+++ EXTRACTED DATA +++

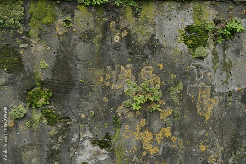 © Larysa, Obraz premium Photo of Old dirty gritty mossed concrete wall. Background texture for backdrops or mapping
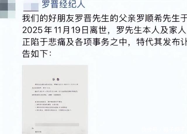 11月20日,罗晋的经纪人发布讣告,宣布罗晋的父亲罗顺希先生已于11月19日在北京离世,享年70岁。
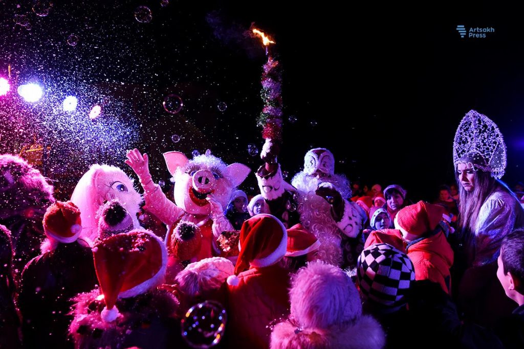 Ստեփանակերտի Վերածնունդի հրապարակին վրայ Դեկտեմբեր 19-ին, վառած են գլխաւոր տօնածառի լոյսերը:
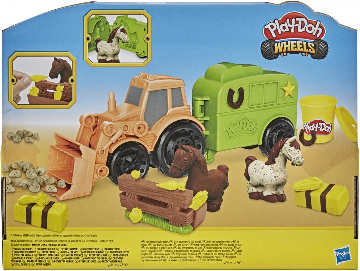 В комплекте: 1 трактор, 1 прицеп, 1 корыто, 3 баночки с массой для лепки
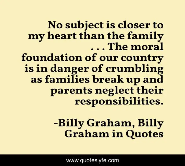 This page presents the quote "No subject is closer to my heart than the family . . . The moral foundation of our country is in danger of crumbling as families break up and parents neglect their responsibilities.". Author of this quote is Billy Graham, Billy Graham in Quotes. This quote is about family, billy-graham,.
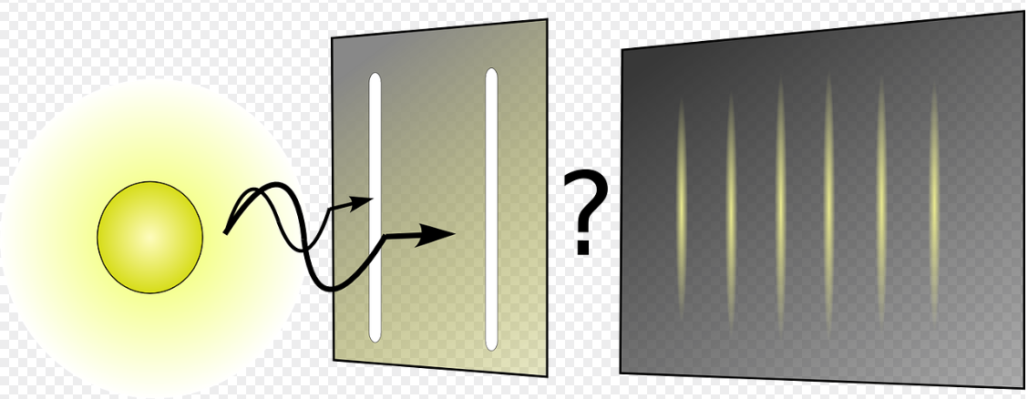 여기서 원래대로라면 감광판에 간섭 무늬가 남기 위해선 A슬릿을 통과한 파동과 B슬릿을 통과한 파동(전자)이 서로 간섭을 일으켜야 하고, 서로 간섭을 일으키기 위해선 각각의 슬릿을 최소한 하나씩의 전자가 동시에 통과해야 한다. 하나씩의 전자를 차례대로 발사해서는 결코 이 전자는 감광판에 간섭 무늬를 남겨서는 안 된다.

+++

- [TASK DIRECTIONS]:
Please reproduce every record exactly, leaving the pictures out.

- [FINISHED EXERCISE]:
 © Larysa, Obraz premium Photo of Old dirty gritty mossed concrete wall. Background texture for backdrops or mapping
 11月20日,罗晋的经纪人发布讣告,宣布罗晋的父亲罗顺希先生已于11月19日在北京离世,享年70岁。
 Ստեփանակերտի Վերածնունդի հրապարակին վրայ Դեկտեմբեր 19-ին, վառած են գլխաւոր տօնածառի լոյսերը:
 В комплекте: 1 трактор, 1 прицеп, 1 корыто, 3 баночки с массой для лепки
 This page presents the quote "No subject is closer to my heart than the family . . . The moral foundation of our country is in danger of crumbling as families break up and parents neglect their responsibilities.". Author of this quote is Billy Graham, Billy Graham in Quotes. This quote is about family, billy-graham,.
 여기서 원래대로라면 감광판에 간섭 무늬가 남기 위해선 A슬릿을 통과한 파동과 B슬릿을 통과한 파동(전자)이 서로 간섭을 일으켜야 하고, 서로 간섭을 일으키기 위해선 각각의 슬릿을 최소한 하나씩의 전자가 동시에 통과해야 한다. 하나씩의 전자를 차례대로 발사해서는 결코 이 전자는 감광판에 간섭 무늬를 남겨서는 안 된다.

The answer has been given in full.